Monday, August 27, 2018

Assessing Semantic Debt

Introduction

That last post was a long one.  But I think it was valuable, in that we've now got a pretty comprehensive explanation of how semantic debt comes about.  It is, as I've repeated almost ad nauseum, an inevitable consequence of the difference between what an org's data models describe and what the actual business model(s) do.  We think we can put all of our data into a database for reporting and various kinds of automated action, but then it turns out we can't put all of our data into a database.  So we need to cobble stuff together, make assumptions and guesses, and skip doing stuff we want to because we can't store the data.

In a future post I'll talk more about the philosophical underpinnings of semantic debt.  That will almost certainly be more fun for me than anyone else, and I'm sure it will get almost no readers.  But today we need to talk through how to assess and evaluate semantic debt.

When we talk about "assessing" a problem we want to classify it, and so what we need is a better taxonomy.  We've got the beginnings of our taxonomy already: There's our four types of debt, which break into two categories:



This is helpful, but its not complete.  For one thing we're kind of missing an X axis on the matrix, just for the sake of symmetry.  (Symmetry is such a valuable architectural heuristic it seems like a shame not to make use of it.)  So let's work through various ways a semantic asset might fail.  In an earlier piece I called these failure points and for now that seems as good a term as any.  An asset's failure point is the way in which an asset might develop one or more Types of debt.  I mean "develop" here in the sense that the asset's relationship to the business changes, and so it fails.  But more precisely, because its the business model that changes, an asset's failure point is the way the delta between the business model and the data model becomes obvious to the organization.

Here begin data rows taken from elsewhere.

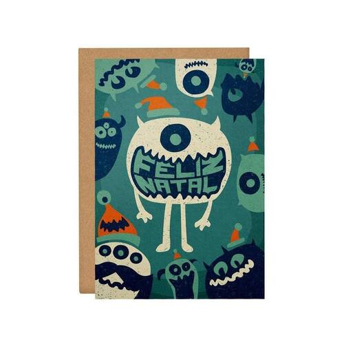 Cartão Christmas Monsters Tpc em Papel Texturizado 250G 21X14,8CM com Envelope Kraft, Adesivo e Saquinho Plástico
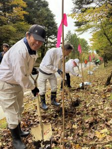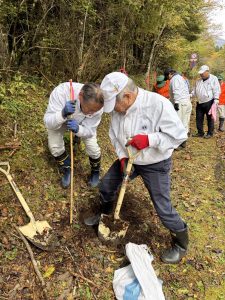 11月1日(土)、西臼塚駐車場に集合し、ライオンズクラブメンバーで登山道周辺に桜の苗木を植樹しました。 鹿による食害を防ぐため、注意深く植え付けを行い、最後に雄大な富士山を背景に全員で記念撮影をしました。
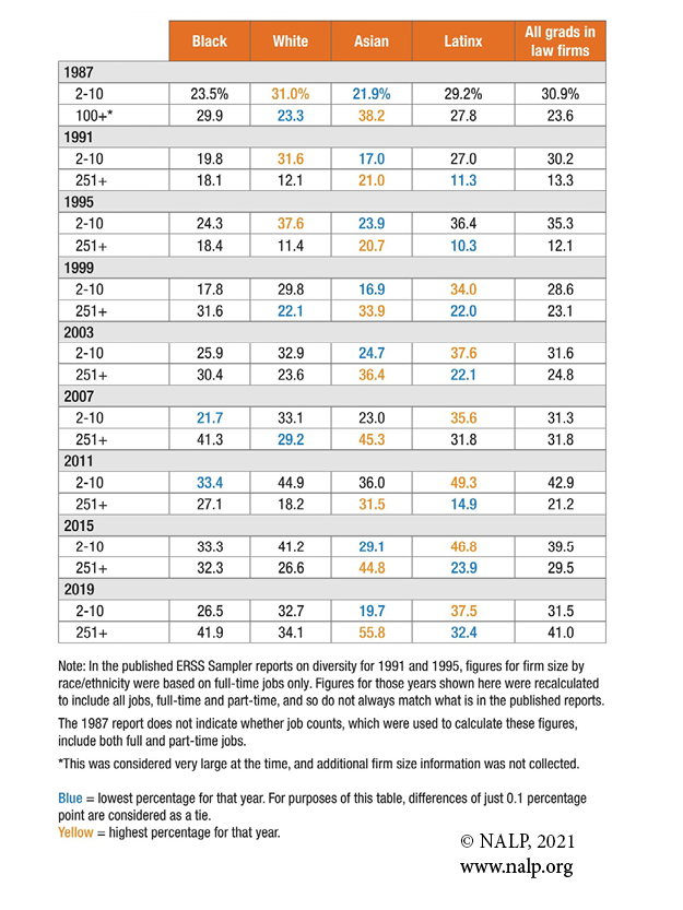 Table 2: Percent of Law Firm Jobs by Size of Firm and Race/Ethnicity for Selected Years, 1987-2019

In that earlier piece I identified three failure points: Immediate, Sudden and Gradual.  There's a really easy way to explain failure points, which is visually.

Immediate failure

An Immediate failure point occurs when a semantic asset covers some portion of an organization but not all the relevant portions it needs to cover, and so the asset is in debt from the beginning of its life:



The data model at t1 covers exactly 4/5ths of the business model at t1, and stays the same throughout time.  The data model's missing piece is the light green entity in the bottom right of the business model, and that entity's relationships with two other entities.  In this case the semantic asset starts out in debt, at inception.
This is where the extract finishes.